Basse C W, Lottspeich F, Steglich W, Kahmann R
Institut für Genetik und Mikrobiologie, Universität München, Germany.
Eur J Biochem. 1996 Dec 15;242(3):648-56. doi: 10.1111/j.1432-1033.1996.0648r.x.

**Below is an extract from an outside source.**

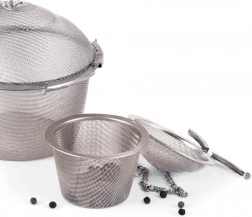 Praktyczne stalowe sitko do przypraw o średnicy 6 cm i wysokości 6 cm do łatwego doprawiania zup, wywarów, sosów oraz herbat. Ma drobną, gęsto tkaną siateczkę, zamykany koszyczek oraz łańcuszek z haczykiem do wygodnego zawieszenia na brzegu garnka lub czajnika. Wykonane z wysokiej jakości stali nierdzewnej dla długiej żywotności i łatwej pielęgnacji.
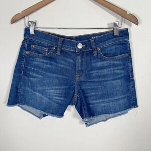 WHAT: J. Crew style A0813. Denim short in dark von wash. Cotton/elastane. Cut off style with factory distressing.

The phytopathogenic basidiomycetc Ustilago maydis produces indole-3-acetic acid (IndCH2COOH) and indole-3-pyruvic acid (Ind-Prv) from tryptophan. Indole-3-acetaldehyde (IndCH2CH2O) is the common intermediate in the conversion of Ind-Prv and tryptamine to IndCH2COOH. We purified an enzyme (Iad1) from U. maydis that catalyzes the NAD(+)-dependent conversion of IndCH2CH2O to IndCH2COOH and isolated corresponding cDNA and genomic clones. The identity of the cDNA clone was confirmed by expression in Escherichia coli and demonstration of enzymatic activity. In U. maydis, iad1-null mutants were generated by gene replacement. The ability to convert IndCH2CH2O to IndCH2COOH was at least 100-fold reduced in U. maydis iad1-null mutants grown in medium with glucose as carbon source. However, the iad1-null mutants were not diminished in their capacity to produce IndCH2COOH from tryptophan, indicating that IndCH2COOH formation from tryptophan apparently proceeds in the absence of IndCH2CH2O dehydrogenase activity under these conditions. Iad1 expression was strongly induced during growth on ethanol while under these conditions iad1-null mutants were unable to grow. This reveals that iad1 is primarily engaged in the conversion of ethanol to acetate. In iad1-null mutants we detected an additional NAD(+)-dependent IndCH2CH2O dehydrogenase activity that was induced during growth on L-arabinose but repressed in the presence of D-glucose. In arabinose-containing medium the conversion of tryptophan to IndCH2COOH was approximately 5-fold reduced in wild-type strains but 10-15-fold reduced in iad1-null mutant strains compared to IndCH2COOH formation in glucose-containing medium. In addition, the formation of Ind-Prv from tryptophan was abolished in wild-type and iad1-null mutant strains. During growth on arabinose, the conversion of tryptamine to IndCH2COOH was strongly favored suggesting that the glucose-repressible IndCH2CH2O dehydrogenase is required to convert IndCH2CH2O derived from tryptamine to IndCH2COOH.
植物病原担子菌玉米黑粉菌可从色氨酸产生吲哚 - 3 - 乙酸(IndCH2COOH)和吲哚 - 3 - 丙酮酸(Ind - Prv)。吲哚 - 3 - 乙醛(IndCH2CH2O)是Ind - Prv和色胺转化为IndCH2COOH过程中的共同中间体。我们从玉米黑粉菌中纯化了一种酶(Iad1),它催化IndCH2CH2O依赖NAD(+)转化为IndCH2COOH,并分离出了相应的cDNA和基因组克隆。通过在大肠杆菌中的表达和酶活性的证明,证实了cDNA克隆的身份。在玉米黑粉菌中,通过基因替换产生了iad1基因缺失突变体。在以葡萄糖作为碳源的培养基中生长的玉米黑粉菌iad1基因缺失突变体,将IndCH2CH2O转化为IndCH2COOH的能力至少降低了100倍。然而,iad1基因缺失突变体从色氨酸产生IndCH2COOH的能力并未减弱,这表明在这些条件下,色氨酸形成IndCH2COOH显然是在没有IndCH2CH2O脱氢酶活性的情况下进行的。在乙醇上生长期间,Iad1表达被强烈诱导,而在这些条件下iad1基因缺失突变体无法生长。这表明iad1主要参与乙醇向乙酸的转化。在iad1基因缺失突变体中,我们检测到了另一种依赖NAD(+)的IndCH2CH2O脱氢酶活性,它在以L - 阿拉伯糖为碳源生长时被诱导,但在D - 葡萄糖存在时受到抑制。在含阿拉伯糖的培养基中,与在含葡萄糖的培养基中IndCH2COOH的形成相比,野生型菌株中色氨酸向IndCH2COOH的转化降低了约5倍,而iad1基因缺失突变体菌株中则降低了10 - 15倍。此外,野生型和iad1基因缺失突变体菌株中色氨酸向Ind - Prv的形成均被消除。在以阿拉伯糖为碳源生长期间,色胺向IndCH2COOH的转化受到强烈促进,这表明需要葡萄糖可抑制的IndCH2CH2O脱氢酶将来自色胺的IndCH2CH2O转化为IndCH2COOH。